IRS Form 1040 tax return IRS
IRS Form 1040 tax return IRS

Washington – As House and Senate negotiators of a final tax bill worked to finish the plan Thursday, changes were made that could help Connecticut homeowners and students.

In reconciling differing House and Senate tax bills, GOP leaders agreed to allow homeowners to deduct up to $10,000 in state income tax or local property taxes or a combination of both.

The original House and Senate bills ended the deductibility of taxes paid to state and local governments and capped the property tax deduction at $10,000.

The final bill also would cap the deductibility of interest on new mortgages to those of $750,000, a higher cap than the $500,000 limit in the House-passed bill but lower than the $1 million limit that currently exists.

The elimination and curtailment of these deductions impacts taxpayers in high cost-of-living states like Connecticut more than taxpayers in states where state and property taxes and the cost of homes are lower.

Those living in lower-cost states are likely to benefit more from the tax plan’s near doubling of the standard deduction to $12,000 for individuals and $24,000 for married couples.

The changes in the deductibility of state and local taxes, property taxes and home mortgage interest were made at the insistence of California and New York Republicans, who were concerned about the impact on their constituents of the elimination of the state and local (SALT) deduction, the cap on the deductibility of property taxes and the cap on the deductibility of interest on large mortgages.

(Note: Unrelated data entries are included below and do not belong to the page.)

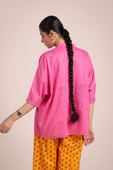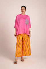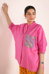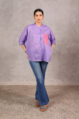 A relaxed-fit embroidered top featuring a band neckline with stitching detail on the neckline, sleeves, and hem. Designed with a drop shoulder for added ease, and a front pocket adorned with colorful, lively embroidery that adds a playful touch. Pairs effortlessly with any generation of bottoms.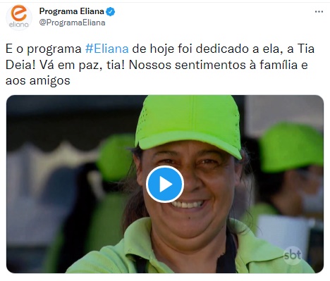 “Infelizmente ela não teve a chance de aproveitar os frutos que colheu aqui conosco. Tia Deia partiu de uma maneira muito prematura e inesperada. Esse programa é dedicado a ela, meus profundos sentimentos à família e que Deus conforte a todos”, lamentou Eliana.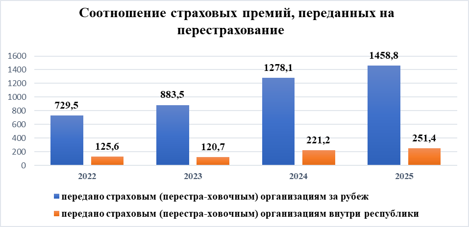 По итогам 2025 года объем страховых премий, переданных на перестрахование, увеличился по сравнению с 2024 годом на 210,9 млн сомов, или на 14,1% (с 1 499,3 до 1 710,2 млн сомов). Рост был обусловлен увеличением передачи премий иностранным перестраховщикам на 180,7 млн сомов (14,1%), а также расширением перестрахования внутри республики на 30,2 млн сомов (13,7%).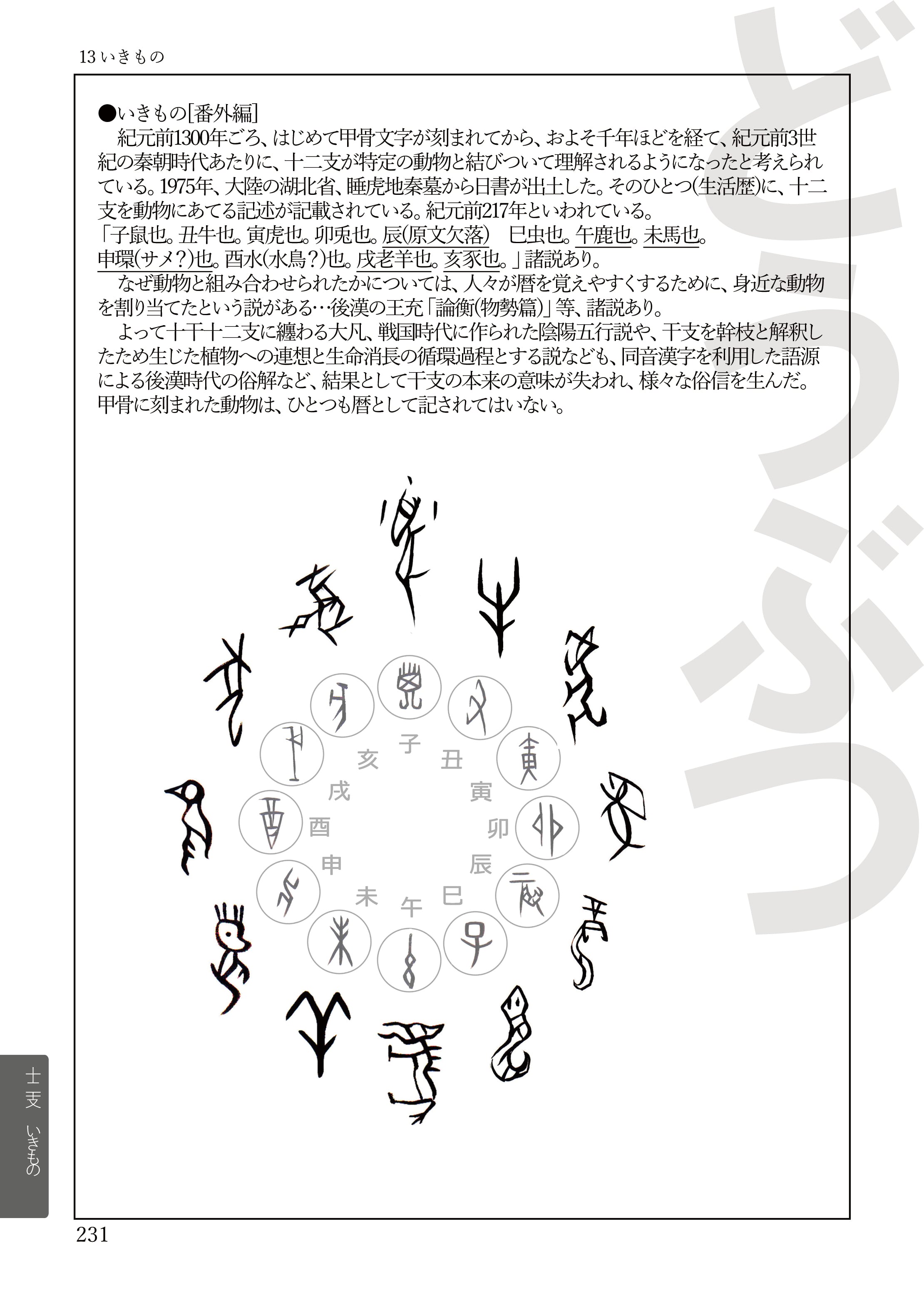 十二支が現在のような動物(子=鼠など)と結びついたのは、甲骨文誕生から約千年後、紀元前3世紀の秦代(睡虎地秦墓から出土した竹簡「日書」)と言われています。本書では、その歴史的背景にも触れながら、動物という概念に固定される前の「目に見えない発想の根源」を追い求めます。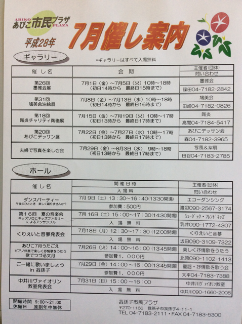 あびこ市民プラザ7月の催し物をご案内いたします。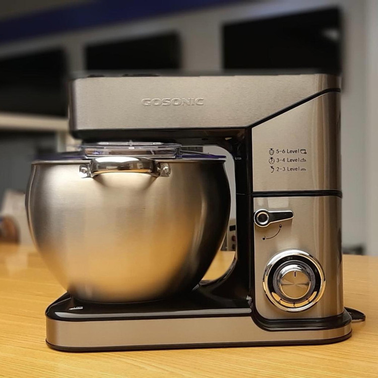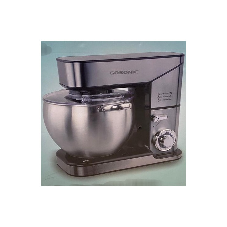 همزن گوسونیک مدل GSM-910 از آن دست محصولاتی است که وجودش برای پختن شیرینی، کیک، نان و ... در هر آشپزخانه ای ضروری است. این همزن که از سری همزن های قدرتمند و در واقع آخرین مدل از همزن های کاسه دار شرکت گوسونیک است، دارای کاسه ای 10 لیتری است که جنس آن از استیل ضدزنگ می باشد. همراه با این همزن، سه سری مختلف ارائه می شود که شامل سری همزن، خمیر زن و سری ورز دهنده می باشد. که استفاده از هر کدام بنا به نوع ماده ای که قصد مخلوط کردن آن را دارید میتواند مورد استفاده قرار گیرد. این سری ها فلزی هستند و با توجه به فاصله ای که از کاسه دارند، موقع استفاده از آن ها، به کاسه آسیبی وارد نمیکنند و با کمترین فاصله شروع به کار میکند. همزن گوسونیک مدل GSM-910 دارای قدرت 2000 واتی است و برای آن 6 سرعت مختلف تعبیه شده است که بنا به سختی ماده و نوع سری که از آن استفاده میکنید، میتواند متفاوت باشد. در کنار این تنظیمات سرعت، عملکرد پالس (لحظه ای) نیز وجود دارد که تمام این ها با استفاده از کلید ولومی مکانیکی تعبیه شده بر روی دستگاه قابل انتخاب می باشد. در نهایت باید این ویژگی مهم را یاداور شد که این همزن دارای درپوش می باشد که بر روی این درپوش، دریچه ای قرار گرفته شده که علاوه بر اینکه از پاشیدن مواد به خارج از کاسه جلوگیری میکند؛ دو امکان مهم را به شما میدهد: اول اینکه هنگام مخلوط کردن میتوانید مواد را مشاهده کنید و دوم اینکه میتوانید در هرزمان بدون نیاز به برداشتن درپوش، هر چیزی به مواد داخل کاسه اضافه کنید.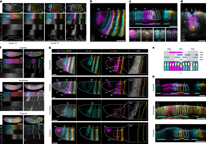 Эти три вида демонстрируют ранние соседние домены slp и eve, разграничивающие области головы и туловища по схеме, очень похожей на схему дрозофилы (рис. 4a, f и расширенные данные рис. 8a–c). Более того, поздний паттерн примыкающих полосок slp и eve почти идентичен у четырех видов (рис. 4a, f, g), а экспрессия prd отличается только в Clogmia, где клетки, экспрессирующие prd, не отличаются от полосок slp и eve (расширенные данные, рис. 8d, e). Основное различие, которое мы наблюдали между видами с головной бороздой и без нее, заключается в экспрессии btd. Хотя домен голова–туловище btd перекрывается с полосой eve 1 у Drosophila и Ceratitis, он не перекрывается с eve у Anopheles и полностью отсутствует у Clogmia (рис. 4g, h). Перекрытие btd–eve также отсутствует у Chironomus, другого двукрылого, у которого отсутствует головная борозда14. Эти результаты позволяют предположить, что эволюция головной борозды, возможно, была связана с пространственными изменениями в экспрессии btd и возникновением перекрытия btd–eve на границе головы и туловища.

Rep. Darrell Issa, R-Calif., wrote House and Senate leaders earlier this week that “done correctly, tax reform has the potential to restore America’s global competitiveness, generate widespread economic opportunity, unleash untold levels of job creation, and allow families to keep even more of their hard-earned paychecks.”

“Done poorly, a tax bill would pick winners and losers, and unnecessarily punish some taxpayers to the benefit of others,” Issa wrote. “As it’s written today, I fear the bill looks more like the latter than the former.”

Details of the final plan began leaking to reporters late Wednesday. GOP leaders plan to release the final agreement on Friday, and vote on it in the House and Senate early next week.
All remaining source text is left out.